▶ [GOAL OF THE EXERCISE] Return nothing but the lines from the one containing "- Design to" through the end of the records below, exactly as they stand and without pictures.

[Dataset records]
=== Begin Enclosure ===

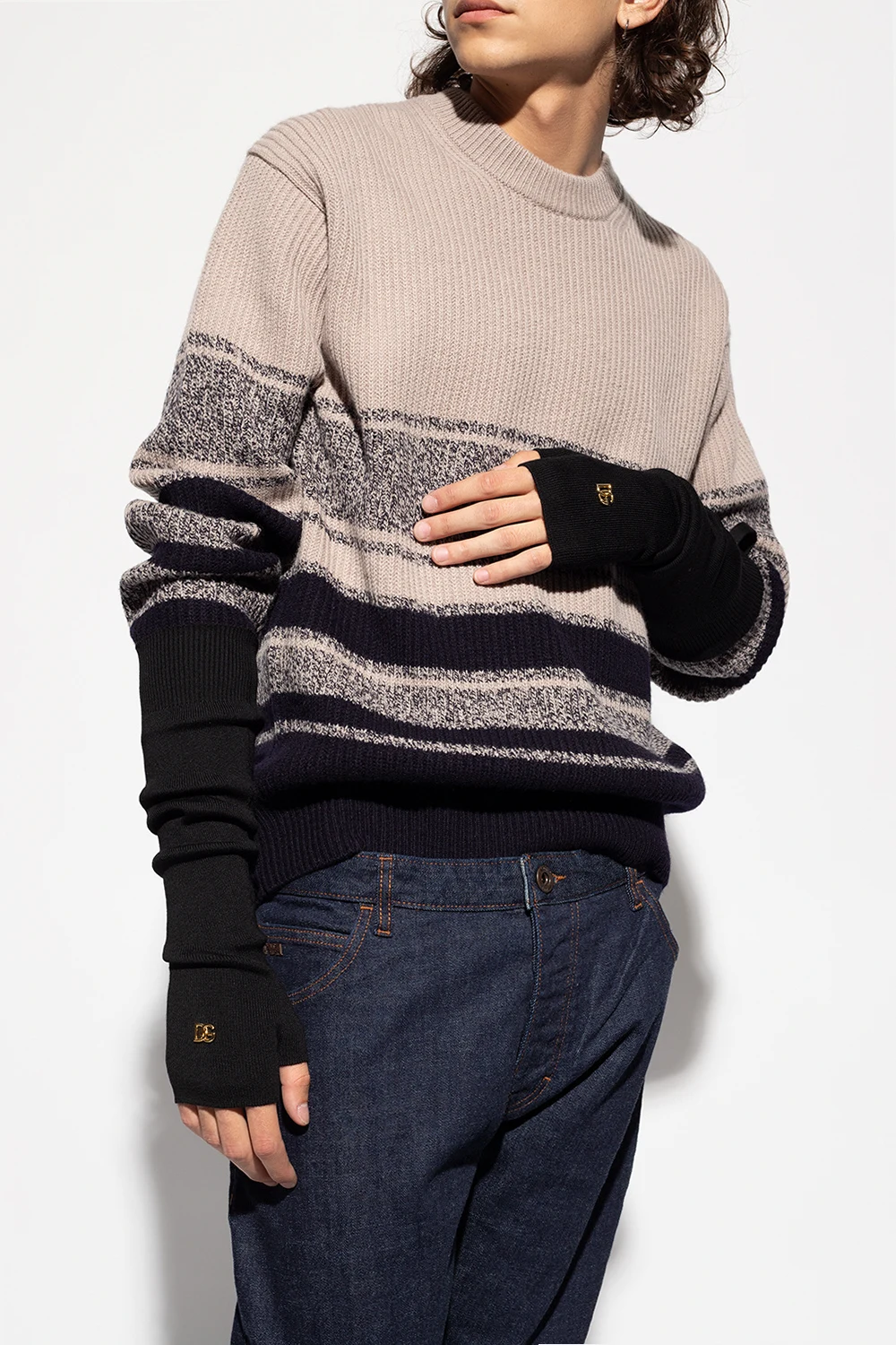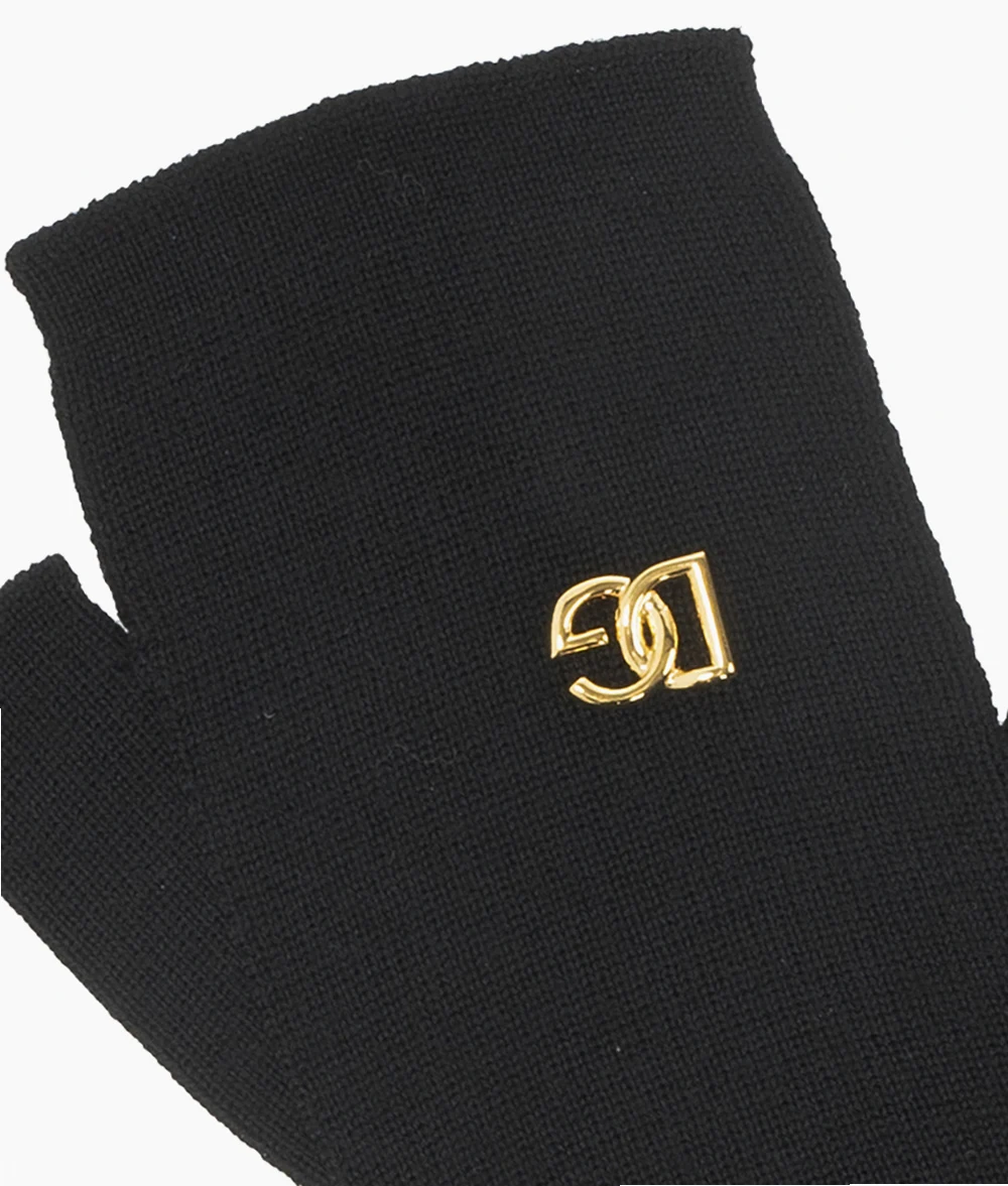 Czarne, długie rękawice bez palców Dolce & Gabbana. Wykonane z wełny. Z przodu ozdobione metalową aplikacją z logo w kolorze złotym. Wykończone ściągaczem.
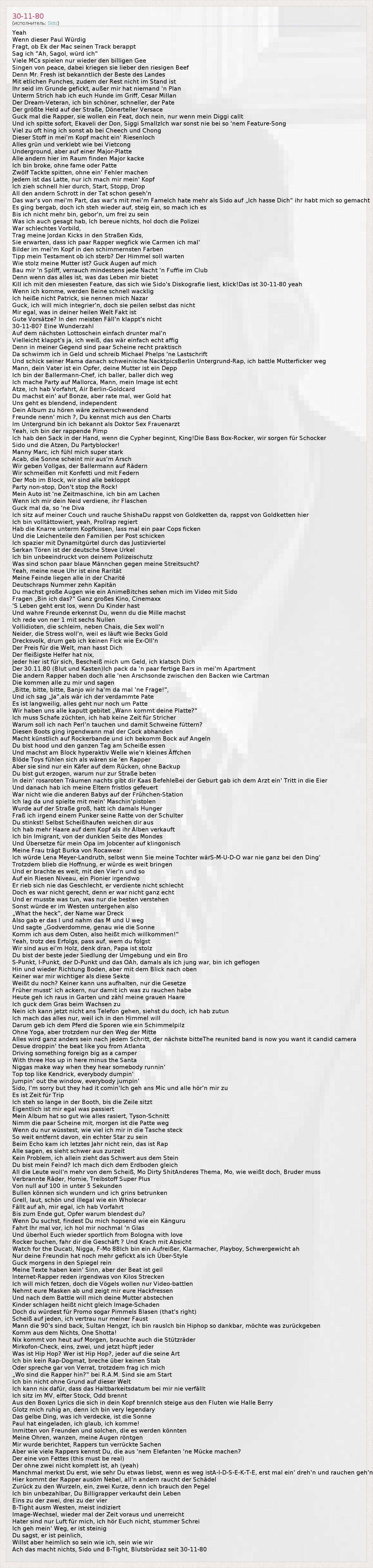 Kill ich mit den miesesten Feature, das sich wie Sido's Diskografie liest, klick!Das ist 30-11-80 yeah
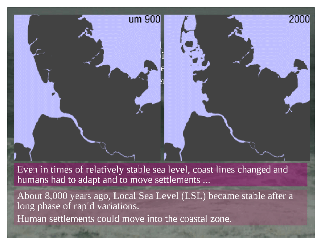 Even in the times of relatively stable sea level, coast lines kept shifting and settlements had to move along with the changing coast lines. The example shows the Danish coast around 900 and 2000. Large areas of the western part of what is today Denmark and Northern Germany has been inundated and partly eroded by the encroaching sea. Even today, coastal erosion is a serious problem in some of these (and other) coastal areas, threatening a lot of coastal high-value property. |
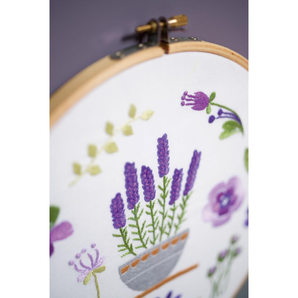 - Design to be embroidered with pre-sorted cotton threads onto white, polycotton embroidery fabric. Kit also includes: instructions in eight languages (ENG, NL, FR, GER, IT, SP, RU, SW); chart; needle; front sheet picture and wooden embroidery ring.
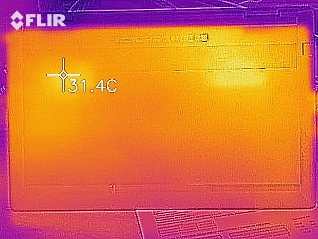 (+) Die Handballen und der Touchpad-Bereich sind mit gemessenen 30.6 °C kühler als die typische Hauttemperatur und fühlen sich dadurch kühl an.
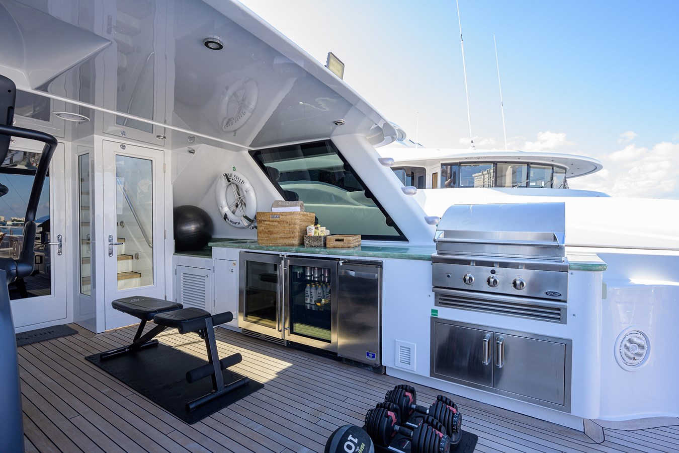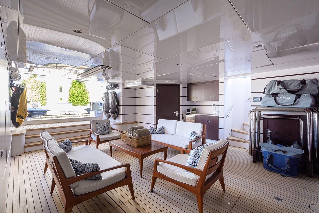 STARSHIP features a spacious beach club that can double as storage space for a tender or water toys.
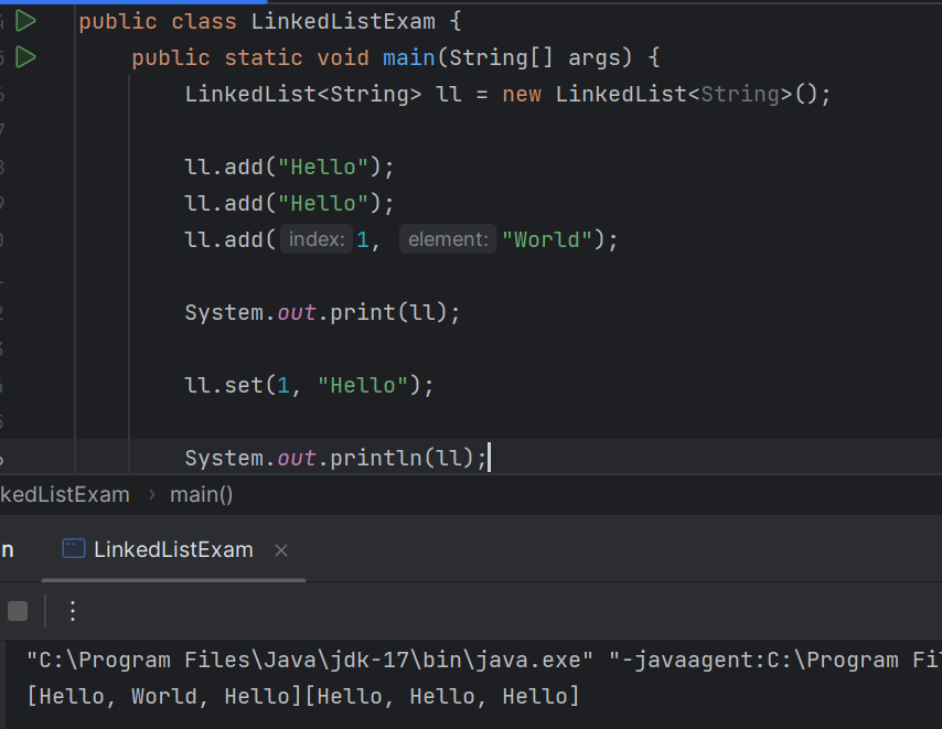 LinkedList의 값을 변경하는 방법은 set() 메서드를 사용하며, Index를 알아야 변경이 가능합니다

=== End Enclosure ===

▶ [RESULT FOR THIS TASK]
 - Design to be embroidered with pre-sorted cotton threads onto white, polycotton embroidery fabric. Kit also includes: instructions in eight languages (ENG, NL, FR, GER, IT, SP, RU, SW); chart; needle; front sheet picture and wooden embroidery ring.
 (+) Die Handballen und der Touchpad-Bereich sind mit gemessenen 30.6 °C kühler als die typische Hauttemperatur und fühlen sich dadurch kühl an.
 STARSHIP features a spacious beach club that can double as storage space for a tender or water toys.
 LinkedList의 값을 변경하는 방법은 set() 메서드를 사용하며, Index를 알아야 변경이 가능합니다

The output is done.